With the current dye shortage that began in April 2022, a JAMA letter was published discussing ways radiologists can conserve.

Matthew Davenport, MD, a radiologist at the University of Michigan Health and vice-chair of the commission on quality and safety for the American College of Radiology, recently published a research letter in JAMA on ways to conserve the iodinated intravascular contrast media— also called contrast dye —in Computed Tomography (CT) scans considering the shortage that began in April 2022.

According to the letter, this shortage is due to supply chain issues exacerbated by the COVID-19 pandemic. The deficit is expected to last through the summer, if not longer.

The letter states that, in the United States, 54.4 million scans with contrast are done each year. Physicians and researchers anticipate the dye shortage being a barrier to obtaining scans.

“During this acute shortage, health systems have been forced to compare their stock-on-hand with the anticipated return-to-normal date to determine how aggressively to conserve contrast material," Davenport said to the University of Michigan Health in the article regarding the JAMA letter.

To avoid additional barriers to access to care, healthcare professionals have sought conservation methods for contrast dye. Davenport identifies five different modes of conservation.

The first of these methods includes weight-based contrast. Traditionally, CT scans require a fixed dose of contrast dye dependent on the area being scanned rather than the patient's size. The first method analyzed in this letter proposes that a weight-based contrast approach can conserve 12% of dye.

Despite the potential for conservation, Davenport told the University of Michigan Health that this approach is ineffective for patients over 80 kg.

Other techniques measured included reducing contrast dose while reducing tube voltage, replacing contrast CT with unenhanced CT (on a case-by-case basis), a combination of weight-based contrast and replacing contrast with non-contrast CT, or a variety of all 3 conservation methods.

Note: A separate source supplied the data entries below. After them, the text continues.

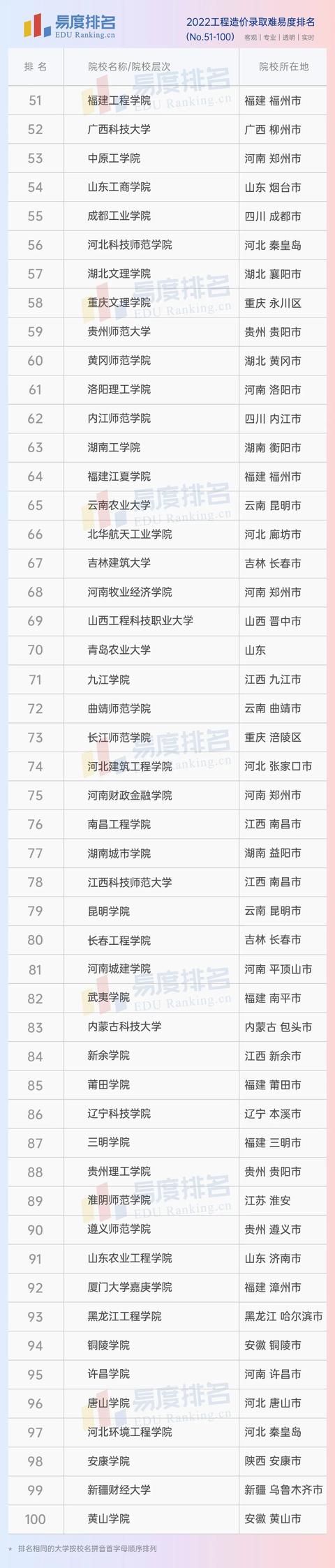 本期易度排名将公布“2022工程造价专业录取难易度排名”前100排名。(具体排名方式见文末)
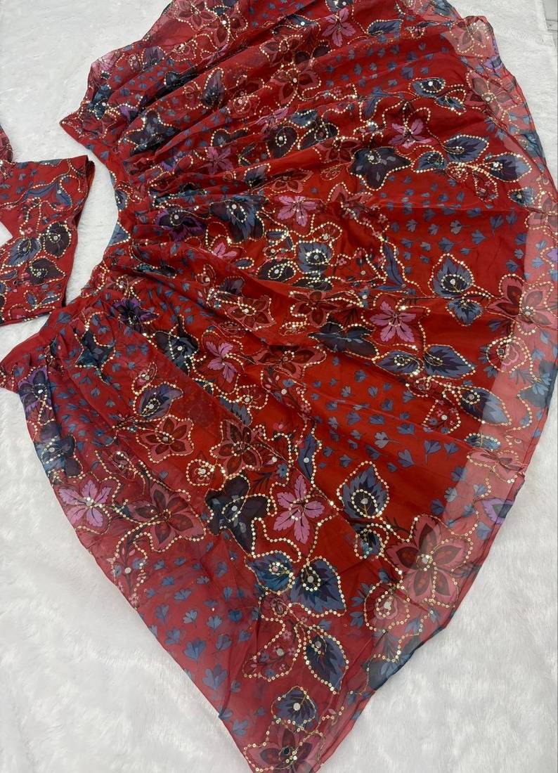 *With Heavy Cancan With Double Inner Covering* Blouse : *Premium Taby Silk Embellished With Beautiful Print With Embroidery Sequins Work Beautiful Hand Real Mirror Work*( Unstitched Fabric ) Dupatta : *Premium Taby Silk With Beautiful Print With Beautiful Embroidery Sequins Work Hand Real Mirror Work With Beautiful Multicolour Work Lace Border Work*( 2.5 Mtr ) *Size Details*
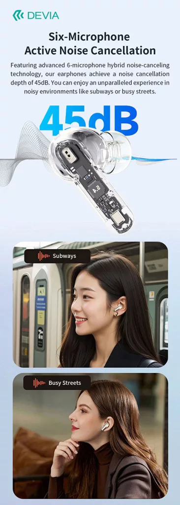 - A fejlett 6 mikrofonos hibrid zajszűrő technológiával fülhallgatóink 45 dB zajszűrési mélységet érnek el. Páratlan élményt élvezhet olyan zajos környezetben, mint a metró vagy a forgalmas utcák.
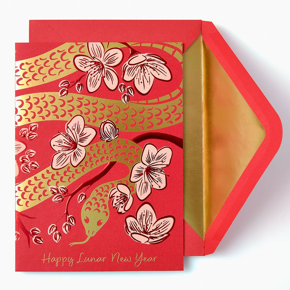 Ring in the Lunar New Year with this festive Year of the Snake Card! Features a beautiful gold foil snake design. Paired with gold foil lined envelope! Designed by Paper Source.
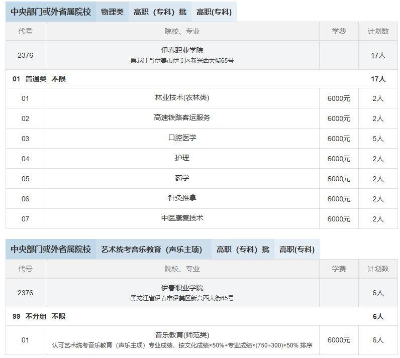 伊春职业学院2025年云南省招生计划
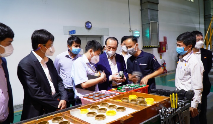 Phó Chủ tịch UBND tỉnh Phan Quý Phương kiểm tra tại Nhà máy sản xuất lon nhôm của Công ty TNHH Baosteel Can Making
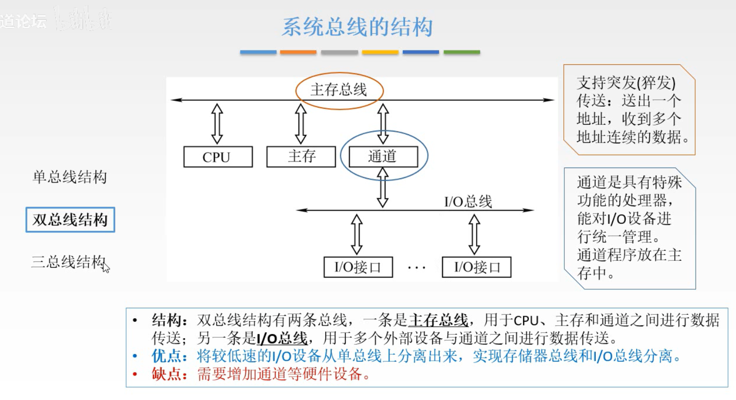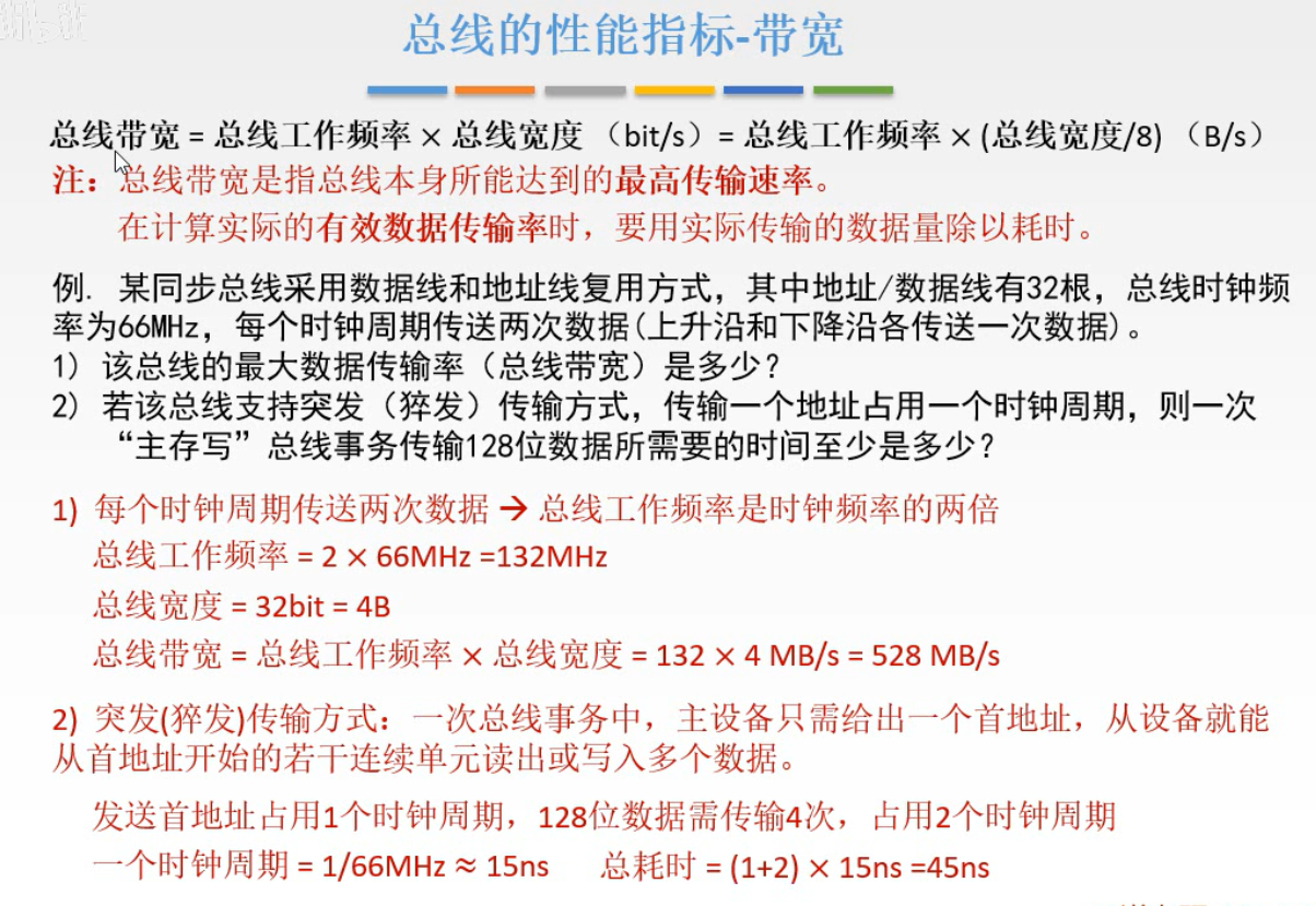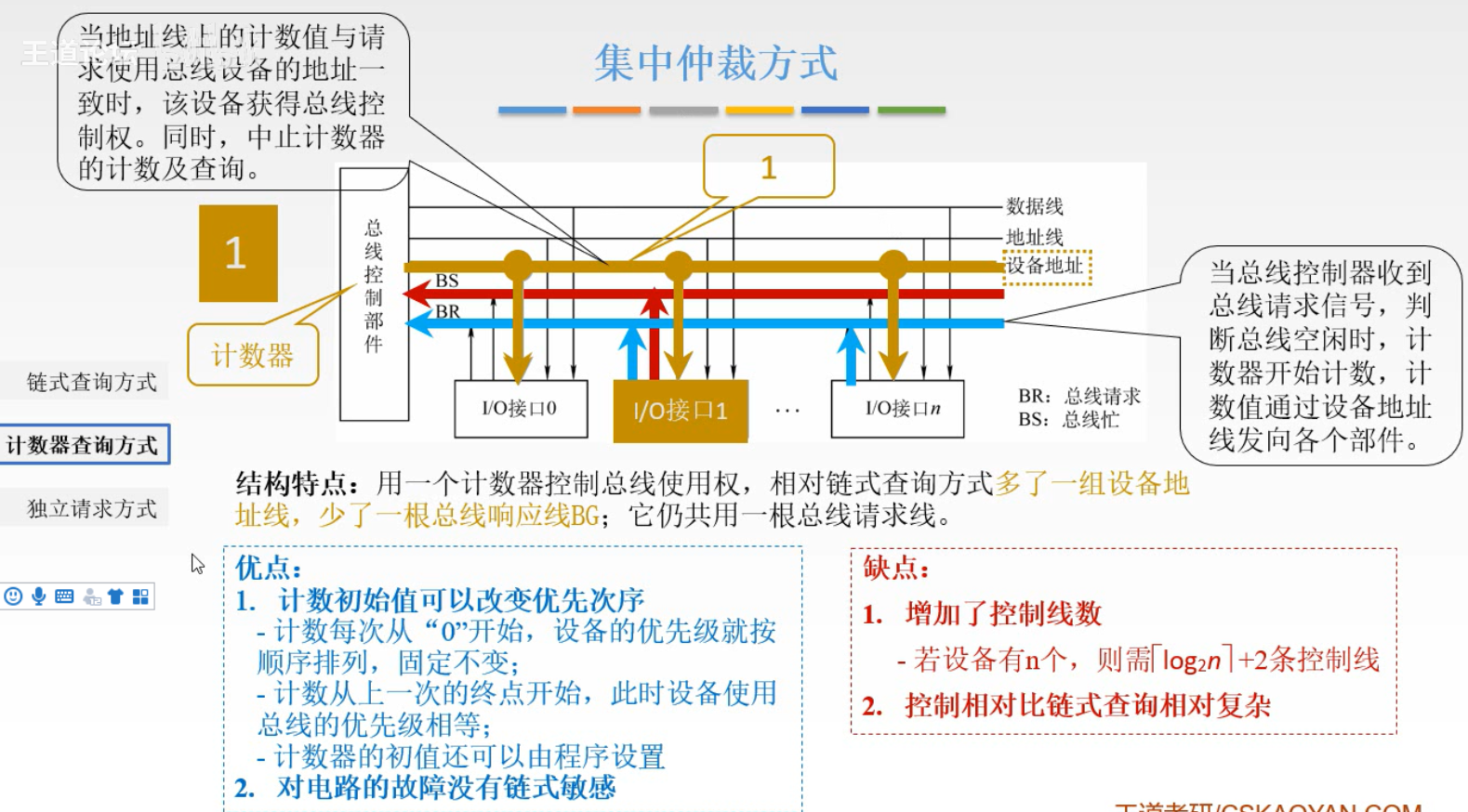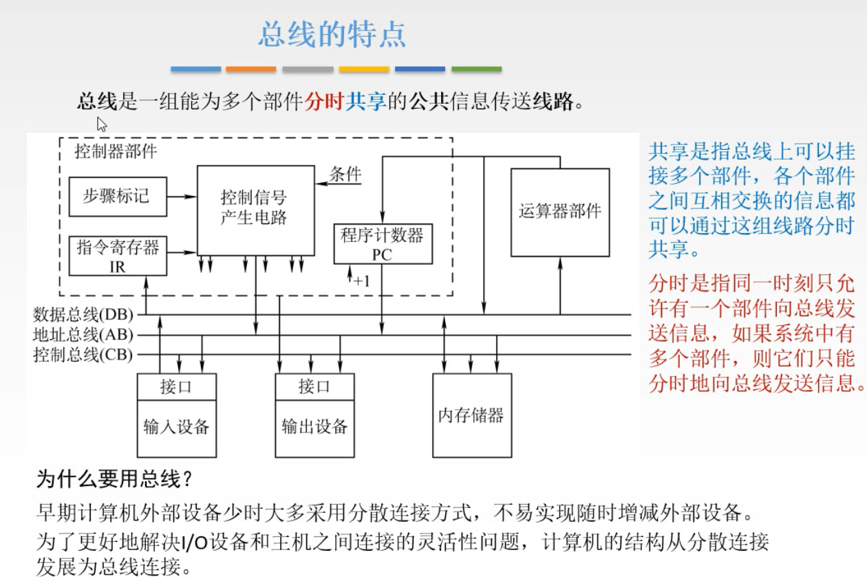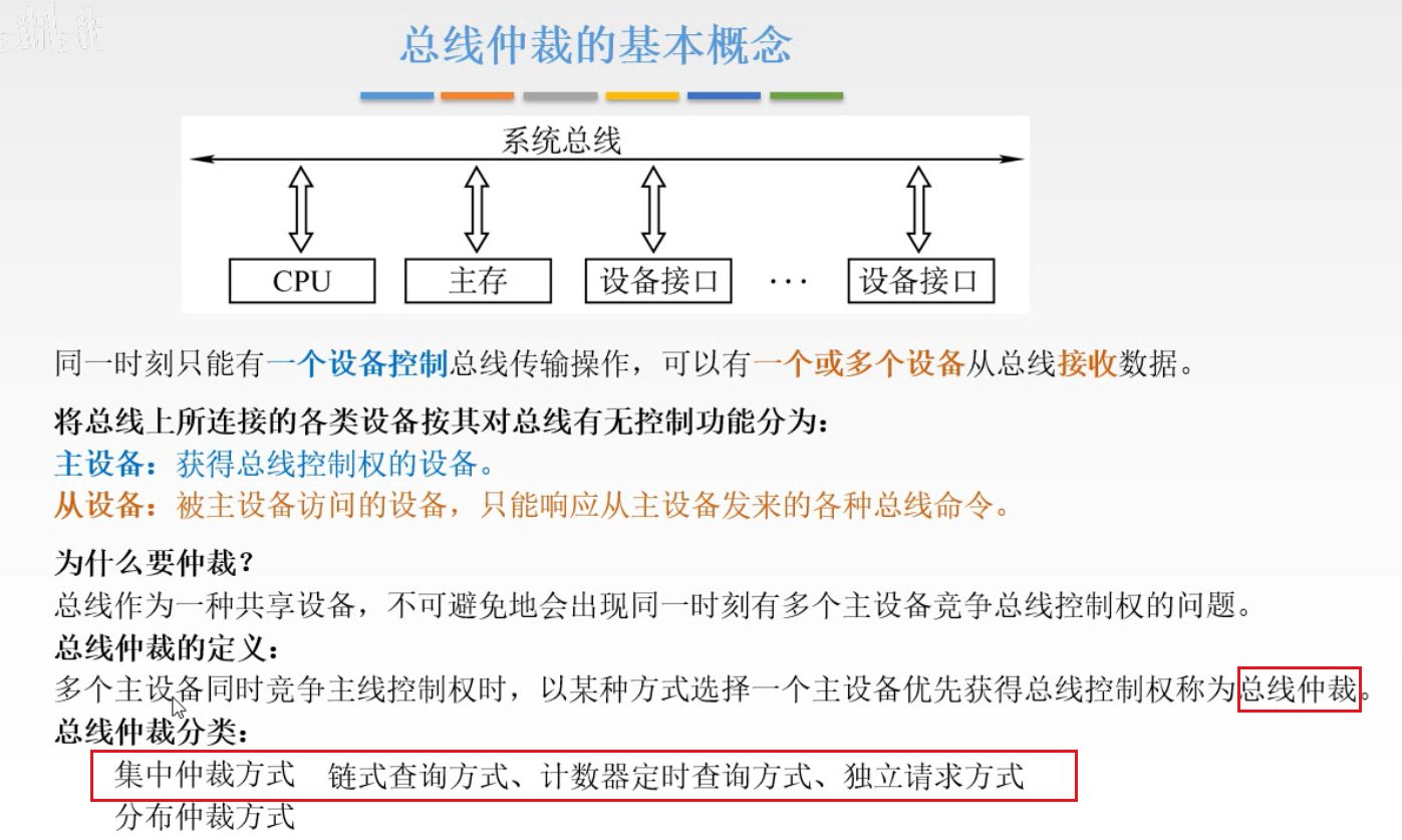 1. 引入总线会导致什么问题?如何解决? 引入总线后,总线上的各个设备分时共享同一总线,当总线上多个设备同时要求使用总线时就会导致总线的冲突。为解决多个主设备同时竞争总线控制权的问题,应当采用总线仲裁部件,以某种方式选择一个主设备优先获得总线控制权,只有获得了总线控制权的设备才能开始数据传送。

Reducing contrast dose while reducing tube voltage is projected to lead to 25% conservation. Replacing contrast CT with unenhanced CT is estimated to provide a 78% reduction in contrast dye usage.

Meanwhile, a combination of 2 or more conservation tactics was predicted to lead to a maximum 83 percent reduction in contrast dye usage.

With the proposals being put forth, radiologists must consider if and how they will incorporate conservation strategies in their daily practices. Conservation techniques have the potential to alter the trajectory of radiological care bit during and after the current shortage crisis.

The researchers concluded the letter by saying, “adoption of some of the dose-reduction strategies beyond the current shortage could mitigate supply chain risk and remove waste.”